> Work task
All that is wanted is the exact lines from the one with "Panasonic LED¥¨¥¯¥¹¥Æ¥ê¥¢¡¦¥¢¥¦¥È¥É¥¢ LGWJ56009B" through the last line of the entries, with both ends kept and every picture left out.

> Exercise materials
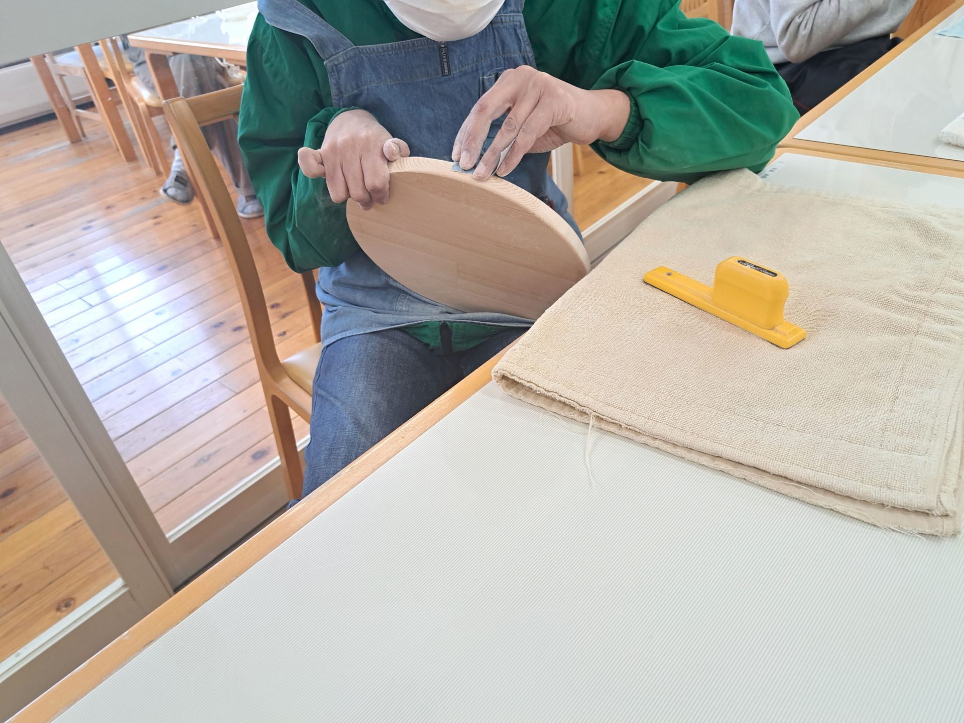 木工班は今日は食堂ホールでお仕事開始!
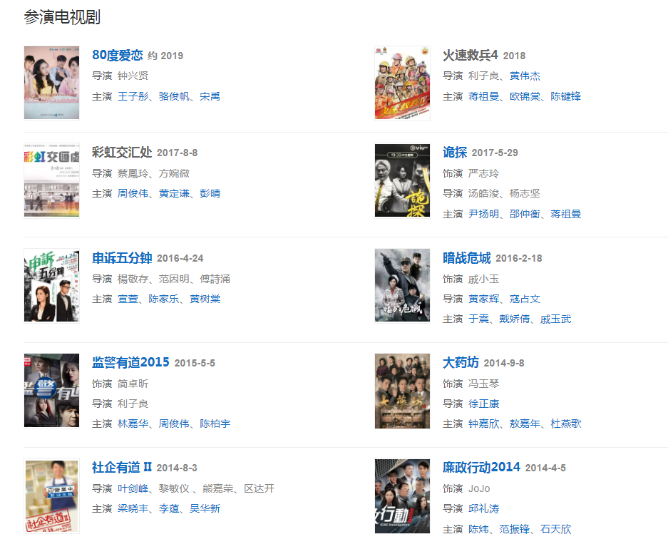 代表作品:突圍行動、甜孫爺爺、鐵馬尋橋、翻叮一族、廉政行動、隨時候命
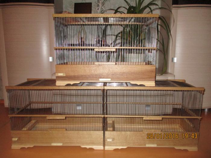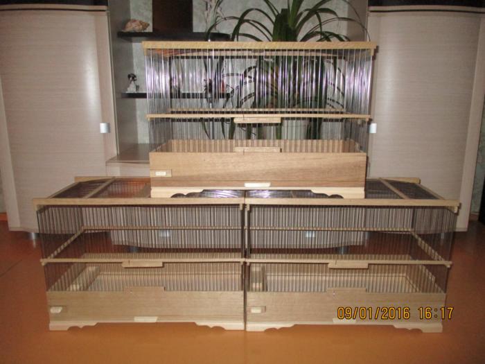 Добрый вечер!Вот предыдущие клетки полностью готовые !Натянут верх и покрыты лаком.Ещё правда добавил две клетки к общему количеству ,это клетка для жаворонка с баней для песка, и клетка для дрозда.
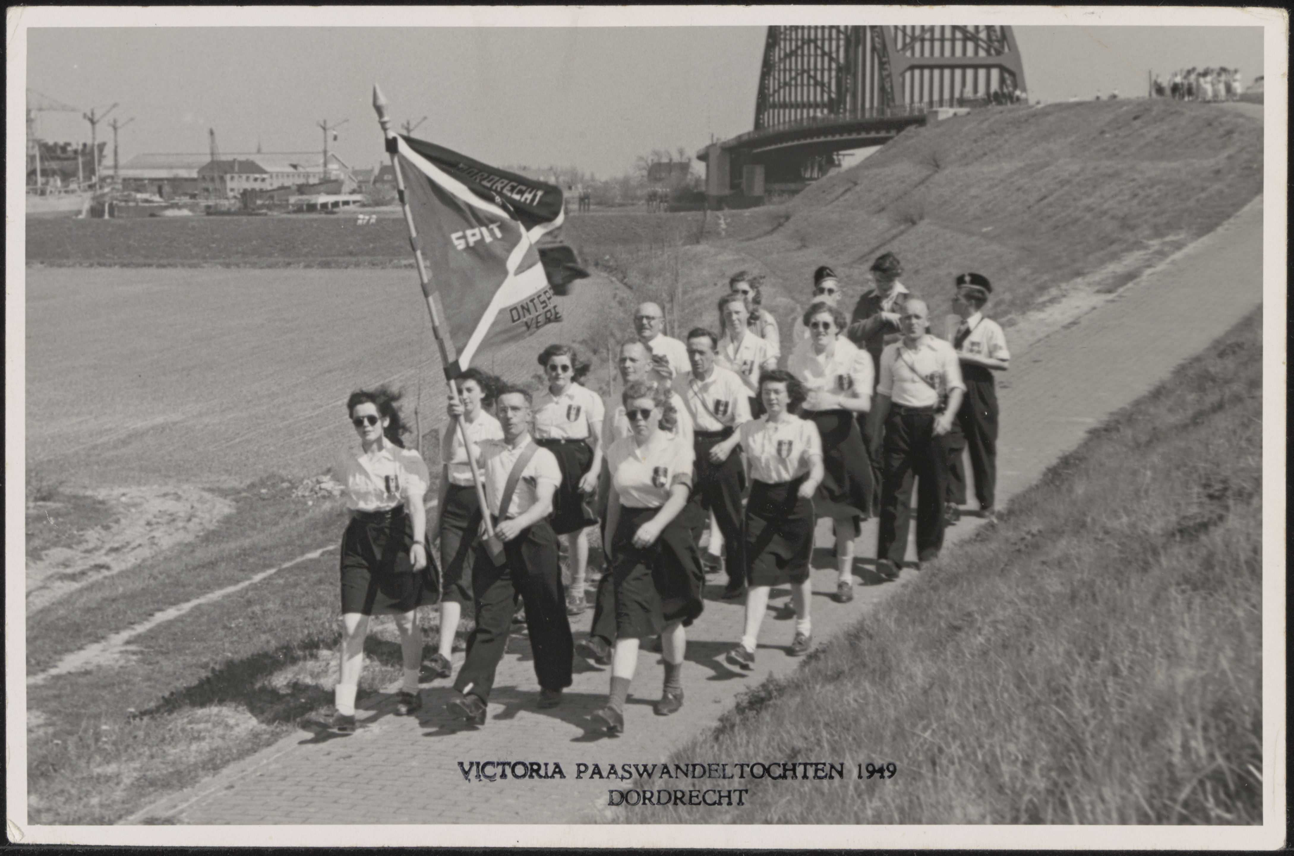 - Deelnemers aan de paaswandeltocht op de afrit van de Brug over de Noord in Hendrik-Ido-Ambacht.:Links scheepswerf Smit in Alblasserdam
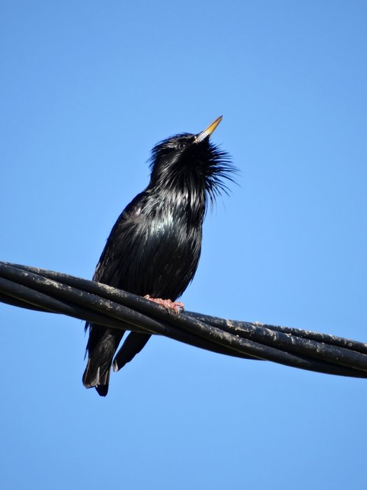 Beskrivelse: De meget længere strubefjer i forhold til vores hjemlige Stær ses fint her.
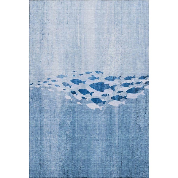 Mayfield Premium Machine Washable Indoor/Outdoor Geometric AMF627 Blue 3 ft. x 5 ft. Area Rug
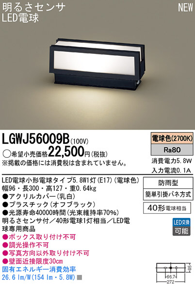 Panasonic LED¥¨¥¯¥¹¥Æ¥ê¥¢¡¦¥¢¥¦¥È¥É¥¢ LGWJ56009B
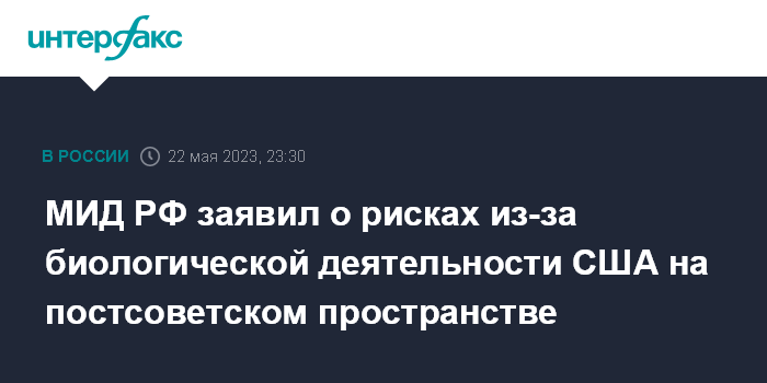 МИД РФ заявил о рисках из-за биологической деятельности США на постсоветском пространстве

> Exercise output
 Panasonic LED¥¨¥¯¥¹¥Æ¥ê¥¢¡¦¥¢¥¦¥È¥É¥¢ LGWJ56009B
 МИД РФ заявил о рисках из-за биологической деятельности США на постсоветском пространстве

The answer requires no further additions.